During the 1970s, Barbeau starred as Carol Traynor, the daughter of Bea Arthur’s title character on the comedy series Maude, which ran from 1972 to 1978 (actress Marcia Rodd had originated the role of Carol in a 1972 episode of All in the Family, also titled “Maude”, alongside Arthur). In her autobiography, There Are Worse Things I Could Do, Barbeau remarked: “What I didn’t know is that when I said [my lines] I was usually walking down a flight of stairs and no one was even listening to me. They were just watching my breasts precede me.” During the last season of Maude, Barbeau did not appear in the majority of the episodes. In a 2009 Entertainment Tonight TV interview, Barbeau mentioned that she had good on- and off-camera chemistry with Arthur; she said that the two stayed close until Arthur’s death on April 25, 2009.[citation needed] Barbeau and Arthur reunited on camera during a 2007 taping of The View, reminiscing about their long-running friendship and their years as co-stars on Maude.[episode needed]

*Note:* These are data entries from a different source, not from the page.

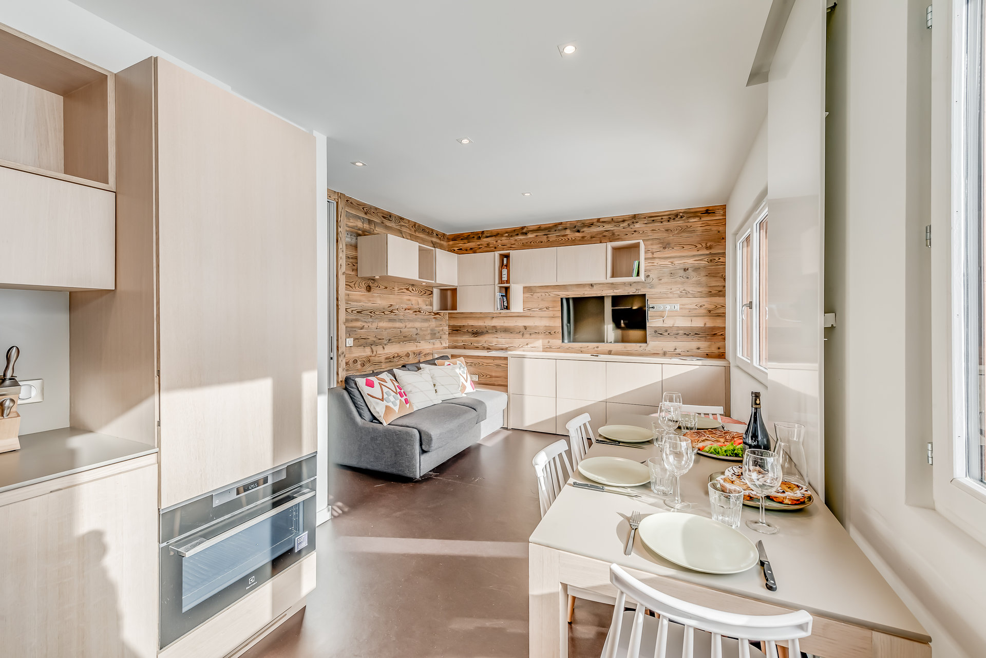 * cuisine ouverte entierement equipee ; lave-vaisselle, four, four micro-ondes, plaques vitroceramique, refrigerateur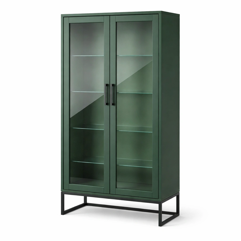 Vitrina de madera con puertas de vidrio y base metálica verde 180x90x40 cm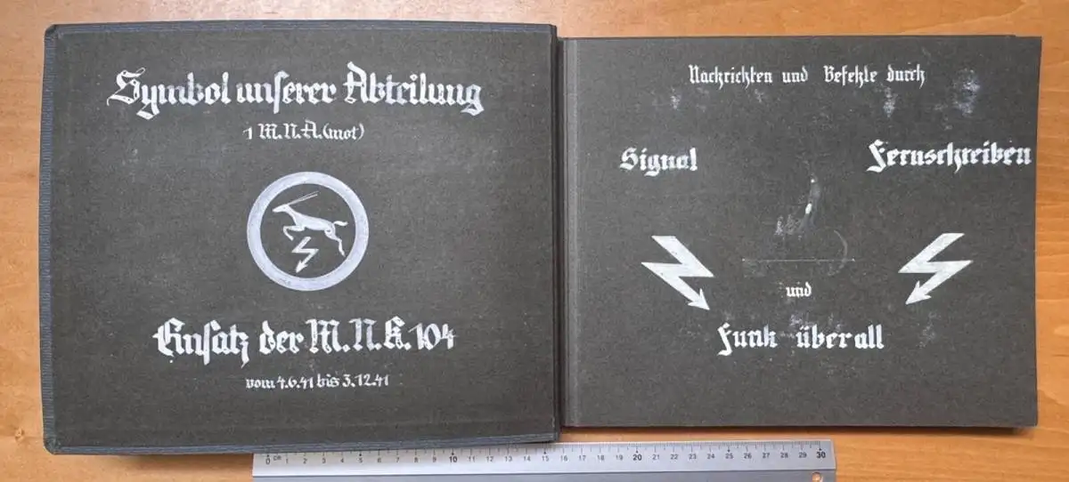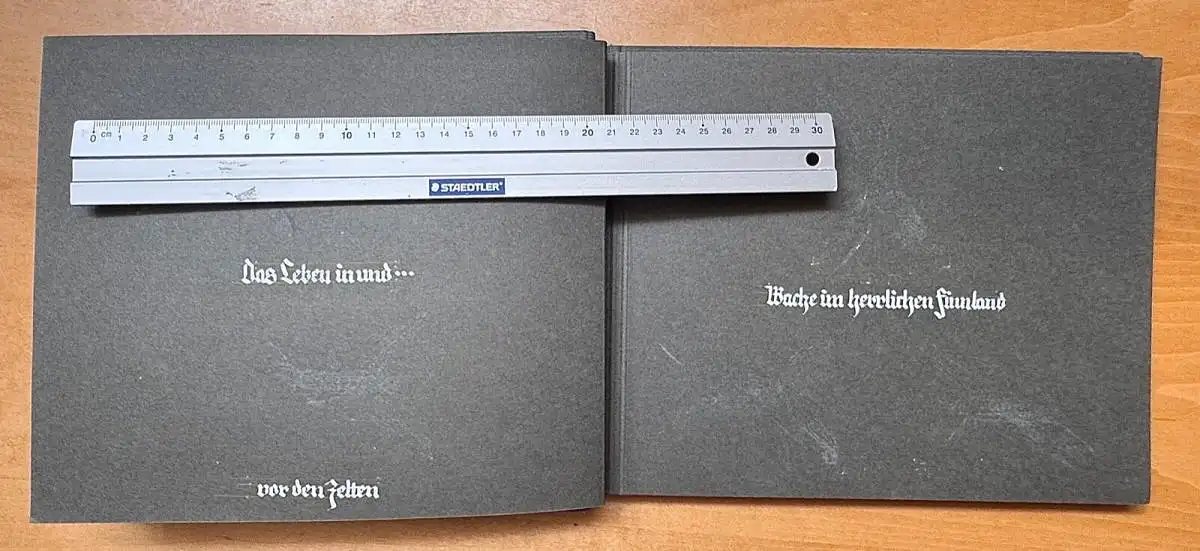 Kriegs-Fotoalbum ohne Fotos - gestickt Wappen Finnland - Funk 1 M.N.A. mot 104
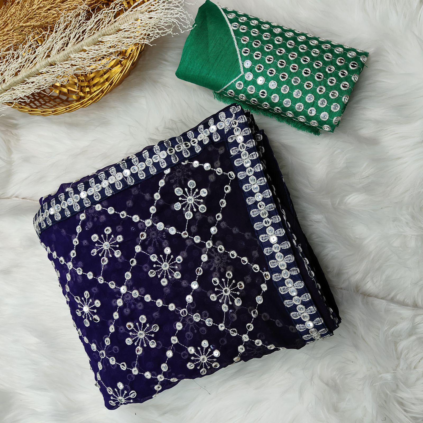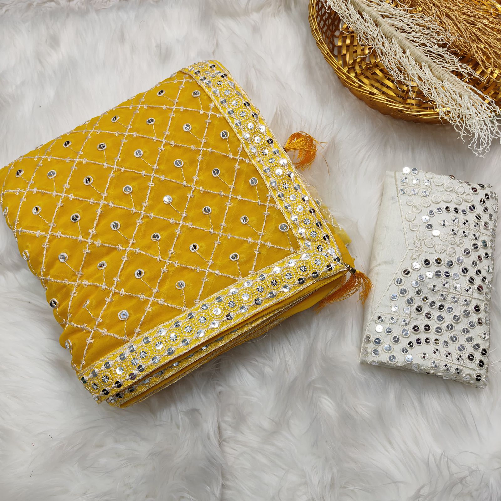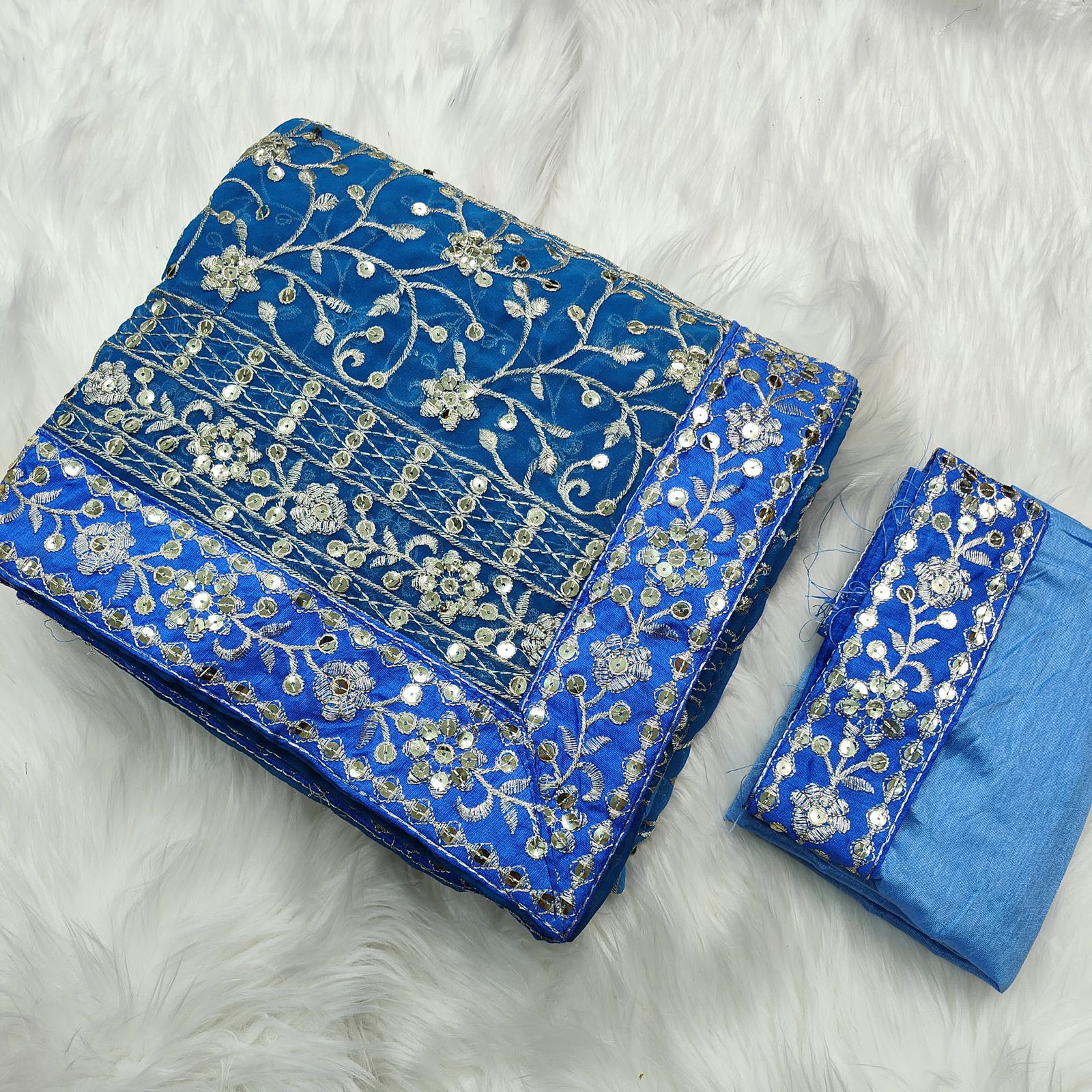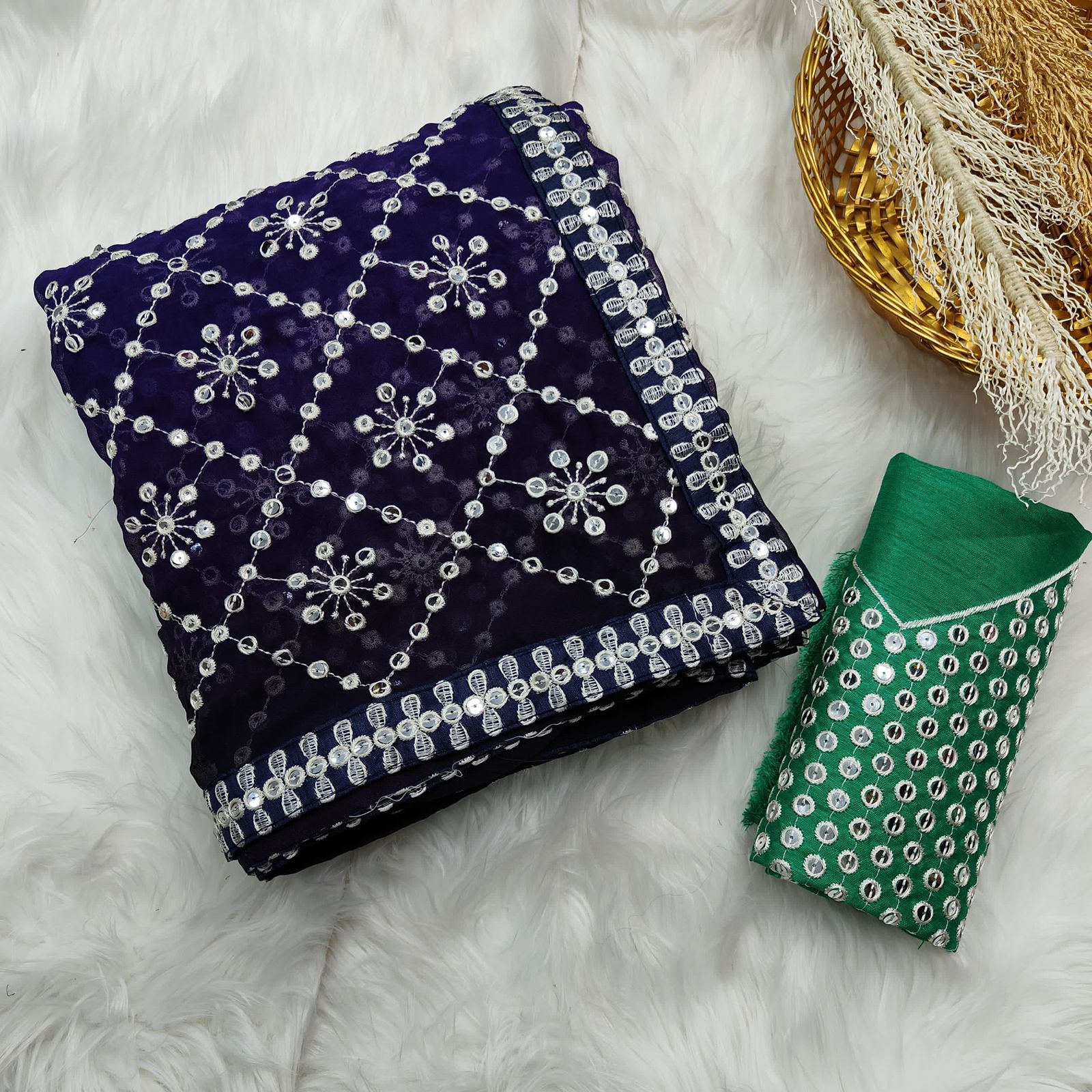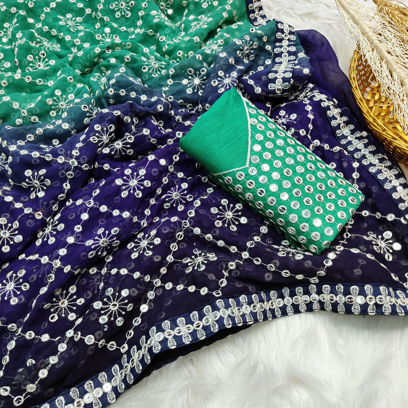 •     Blouse Work: Embroidered with 7mm Sequence & Thread Work

Regarding the character of Maude, Barbeau has said: “Thousands of people came up to me and said, ‘I’ve got an aunt who’s just like Maude, my mother is just like Maude.’ I think many, many people related to Bea’s character, in that way. There were others who found her too abrasive who didn’t like the character, and that big woman with a low voice, saying those things.” Regarding Bea Arthur’s desire to entertain the audience of Maude, she said: “I at least was; and I’m sure that Bea was very proud of being something that was socially significant that was entertaining people, and making them laugh, at the same time, slipping her philosophy.” Regarding Bea Arthur’s decision to leave the show, Barbeau said: “I think she was tired, but I also knew she wanted to go out strong, yet, we were still in the Top 20, right through the sixth season, but I think she was probably feeling, ‘How many more scripts are there’?, and you know, where we can be as good as we’ve been!” Of her overall experience on Maude, she said: “It was wonderful, all the way through, and so much of that was because of Bea, because, we had such a great group of people that we were working with, who, we were like a family.” For more than 35 years, until Arthur’s death in 2009, she and Barbeau continued to be good friends, long after the cancellation of Maude. The death of Arthur’s mother in 1986 drew her and Barbeau even closer.[citation needed]
Barbeau was cast in numerous television films and series such as The Love Boat, Fantasy Island, Valentine Magic on Love Island and Battle of the Network Stars. In her autobiography, she claimed: “I actually thought CBS asked me to be on Battle of the Network Stars because they thought I was athletic. My husband clued me in: who cared if I won the race, as long as I bounced when I ran?”[8]
The popularity of Barbeau’s 1978 cheesecake poster confirmed her status as a sex symbol. Barbeau’s popularity stemmed partly from what critic Joe Bob Briggs referred to as the “two enormous talents on that woman”,[9] and her typecasting as a “tough broad”. Despite her initial success, she said at the time that she thought of Hollywood as a “flesh market”, and that she would rather appear in films that “explore the human condition” and “deal with issues”.[10]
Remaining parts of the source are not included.